だからこそ、記憶の改竄何て言う『記録者』だけが知り得る危うい情報まで彼女達に話さなくてはならなかった。
「……そして、俺は今まで……いや、今でも高知から相談を受けた七不思議の話は『悲恋の靴箱』だと記憶している……けれど、多分その記憶は間違っていて、もしかすると俺のほうが高知に相談をしたのかもしれない」
「自分が『悲恋の靴箱』の話の様に靴箱に何度も手紙を入れられていたから?」
わざとらしく俺は俯き、頷く。
「だったら何で今まで言ってくれなかったの?変な手紙が靴箱にあったって……」
「記憶が変わってるなんて……思いもよらなかったからです。変な手紙と言っても、何も書かれていなかったし、直ぐに棄てていました。それに手紙は朝一に靴箱に入っていた。まさかそんな真っ昼間から七不思議に遭遇しているなんて思わないじゃないですか……だから、唯の悪戯だと思っていた……」
「……そっか。そうだよね……」
あの手紙の中身は、手紙が入っていたことを知っている龍臣にも羽山にも見られていない。そこに何て書かれていたかは俺しか知らない。
それに、高知と俺が実際仲が良かったかなんて今からでは確かめようがない。
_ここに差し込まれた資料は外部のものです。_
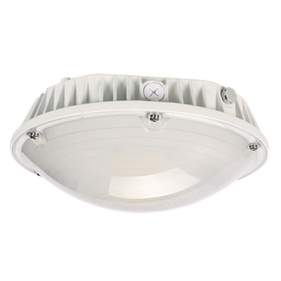 LED canopy fixture for commercial building exterior and parking garages. Tightly enclosed and durable fixture is ideal for enviroments with pollution and dust. LED uses about a third of the energy used by older lighting technology, contains no environmentally hazardous mercury and have lower light output depreciation. LED is a great lighting technology all around.

本当は『悲恋の靴箱』の被害に遭ったのは親父だが、七不思議の話が親友が亡くなったという話である以上、怪我をした親父よりも高知のほうが説得力があるだろう。
「でも、よくよく考えると今までの被害者を学校で見付けた時も、どうしてそこに人がいることが解ったのかその理由を覚えていない……」
「確かにそうね……学校内と言っても広いわ。例え調べていたからと言って、ピンポイントで君が発見出来たというのも少しおかしいとは思っていたの」
申し訳無さそうな素振りを見せつつ、心の中でやはりと思う。
自分達だって三年間調べていたのに、あまりにも都合良く俺が被害者を見付けていることに少なからず不自然さを感じているだろうと思っていた。
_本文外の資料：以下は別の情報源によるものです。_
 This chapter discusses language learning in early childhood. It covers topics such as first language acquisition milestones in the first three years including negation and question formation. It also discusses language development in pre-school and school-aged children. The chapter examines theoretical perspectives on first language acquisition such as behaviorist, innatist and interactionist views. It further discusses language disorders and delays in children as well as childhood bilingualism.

「それも多分俺の記憶が変わっていたからだと思います。もしかしたら、その時の俺はそれぞれの被害者から、今の有馬先輩のように机に書かれていたことなんかを聞いていたのかもしれません」
「……そう、そういう事だったのね」
ちゃんと予定通りに、全ての辻褄が合ったようだった。
時計を見ると、下校時刻までは後一時間をきっていた。